Кайт смотрела на нее с любопытством.
— Чего хочешь ты, Ренисенб? Я не понимаю. Ренисенб ничего не ответила. Как облечь в слова то, что она сама едва понимала? Оглядевшись, она как бы заново увидела обнесенный стенами двор, ярко раскрашенные столбы галереи, неподвижную водную гладь водоема, стройную беседку, ухоженные цветочные клумбы и заросли папируса. Кругом мир и покой, доносятся давно ставшие привычными звуки: щебет детей, хриплые пронзительные голоса служанок в доме, отдаленное мычание коров. Бояться нечего.
— Отсюда не видно реки, — рассеянно произнесла она.
— А зачем на нее смотреть? — удивилась Кайт.
— Не знаю, — ответила Ренисенб. — Наверное, я сказала глупость.
Перед ее мысленным взором отчетливо встала панорама зеленых полей, покрытых густой сочной травой, позади которых раскинулась уходящая за горизонт даль удивительной красоты, сначала бледно-розовая, а потом аметистовая, разграниченная посредине серо-серебристой полосой — Нилом…
У нее перехватило дыхание от этого богатства красок. Все, что она видела и слышала вокруг, исчезло, сменившись чувством безграничного покоя и безмятежности…

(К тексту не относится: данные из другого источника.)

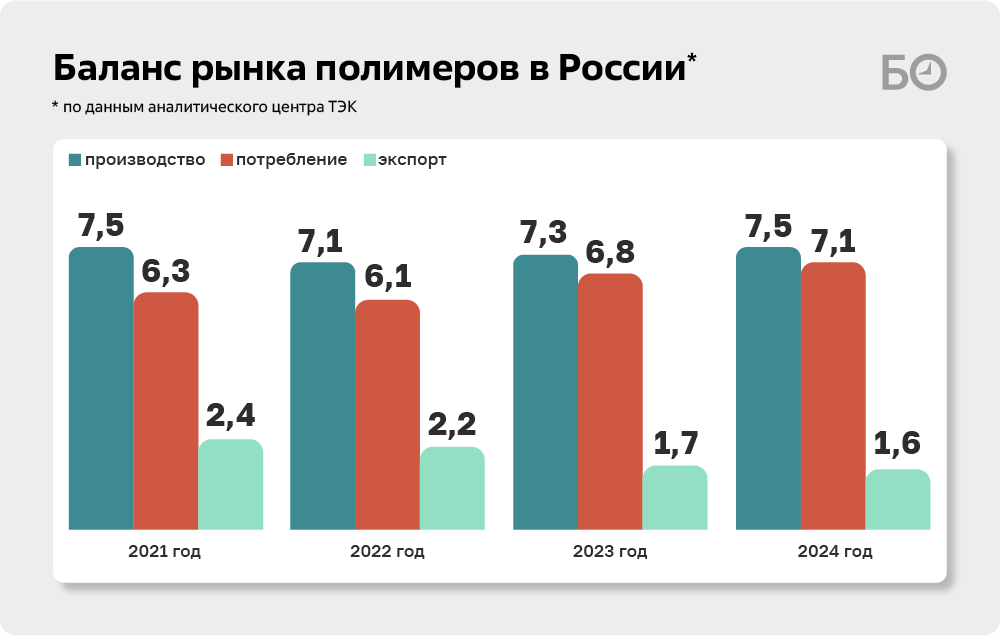 За 2024 год в России было произведено около 7,5 млн т крупнотоннажных полимеров (полиэтилен, полипропилен, поливинилхлорид, полистирол, полиэтилентерефталат). Из них на экспорт ушло 1,6 млн т — на 30% меньше, чем было в «досанкционном» 2021-м.

«Если повернуть голову, — сказала она себе, — то я увижу Хори. Он оторвется от своего папируса и улыбнется мне… Скоро сядет солнце, станет темно, я лягу спать… И придет смерть».
— Что ты сказала, Ренисенб?
Ренисенб вздрогнула. Она не знала, что говорит вслух. И теперь, очнувшись, вернулась к действительности. Кайт с любопытством смотрела на нее.
— Ты сказала «смерть», Ренисенб. О чем ты думала?
— Не знаю, — покачала головой Ренисенб. — Я вовсе не… — Она снова огляделась вокруг. Как приятна была эта привычная сцена: плещется вода, рядом играют дети. Она глубоко вздохнула.
— Как здесь спокойно. Нельзя даже представить себе, что может случиться что-то страшное.
Но именно здесь возле водоема на следующее утро нашли Ипи. Он лежал лицом в воде — чья-то рука, окунув его голову в водоем, держала ее там, пока он не захлебнулся.
1
Имхотеп сидел, бессильно ссутулившись. Выглядел он гораздо старше своих лет — убитый горем, сморщенный, жалкий старик. На лице застыла растерянность и смятение.
Хенет принесла ему еду и с трудом уговорила поесть.
— Тебе нужно поддерживать свои силы, Имхотеп.
— Зачем? Кому нужны эти силы? Ипи был сильным, сильным и красивым — а теперь он лежит мертвый… Мой сын, мой горячо любимый сын! Последний из моих сыновей.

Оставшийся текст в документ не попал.